A pivotal point for pensions
News from the high street filled column inches and broadcast slots this week as Topshop owners Arcadia Group went into administration followed by Debenhams after it failed to agree a rescue bid from JD Sports. Some 25,000 jobs are expected to be lost and the future of the high street once again looks grim as some of Britain’s most iconic retail brands are set to disappear.
The news also raised the issue of employee pensions, in particular those who work for Arcadia which has an estimated £350m pension scheme deficit affecting 10,000 employees. The pensions industry and MPs are calling for Arcadia’s owner Sir Phillip Green to plug the gap. Otherwise, those employees who have not reached the scheme’s retirement age could see a 10% cut to the value of their pension pot. The pension scheme will now be assessed for entry into the Pension Protection Fund (PPF) which helps those in defined benefit schemes where the sponsor fails by paying at least 90% of the value of pensions built up.
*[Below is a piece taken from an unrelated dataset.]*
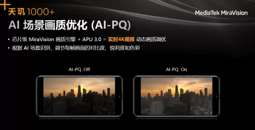 有一点值得重点关注,天玑1000Plus的“MiraVision 画质引擎”增加了独立AI处理单元APU 3.0,根据AI场景识别动态调节每帧画面的对比度、锐利度和色彩,实时进行4K 视频的逐帧画质调优。同时通过逐帧优化视频画面的动态范围和图像细节,让原生4K HDR10+视频画质更加生动逼真,色彩呈现更细腻,画面层次更丰富。另外,还可以高效完成 4K 画面的实时分区运算,大幅度提升视频画面的对比度、亮度、细节以及清晰度,获得超越HDR10+的体验。简而言之,就是最大程度提升5G终端画质,对游戏、影音娱乐、甚至是对后期的AR、VR娱乐画质体验做出极大提升。

Unfortunately for members, Arcadia owners Sir Phillip Green and Lady Green don’t have a great track record on plugging deficits. In 2015 Sir Philip sold BHS in part to dodge responsibility for its pensions shortfall. After pressure from MPs and the regulator, he did put in £363m to decrease the deficit, but 19,000 members still didn’t get their full pension.
Crunch time for the PPF
While all eyes will be on whether Sir Phillip Green and Lady Green do the right thing this time round, this is also a crucial time for the PPF’s reputation. It is being watched by MPs after last year’s deal to allow Arcadia to halve its payments to the company pension fund in order to keep the business afloat at the time.
The merits of that decision are being scrutinised and tested now. The fund needs to show it has learnt lessons from the collapses of BHS and British Steel where pensioners were denied their full pensions and many became victims of scammers, and do everything to fight for Arcadia’s pension scheme members.
The setting up of the PPF in 2005 was a signification milestone for the UK pension industry and consumer protection but it hasn’t always been plain sailing and with it consumer confidence has been bumpy. Consumer protection is at the heart of this case and this is a pivotal moment for the PPF and its relationship with pension scheme members. As the administration of a business is often a long, drawn-out period, regular communication is going to be key between the PPF and scheme members but also with MPs, especially against the current backdrop of economic uncertainty.
It is hoped new powers being introduced by the new Pensions Scheme Bill will be given Royal Assent and written into law in time to provide the Regulator with more ammunition in this case. It will also provide a first test for the Bill, which will make it a criminal offence to have committed ‘wilful or grossly reckless behaviour’ in relation to a pension scheme carrying a maximum prison sentence of seven years for the company bosses responsible. They have been warned.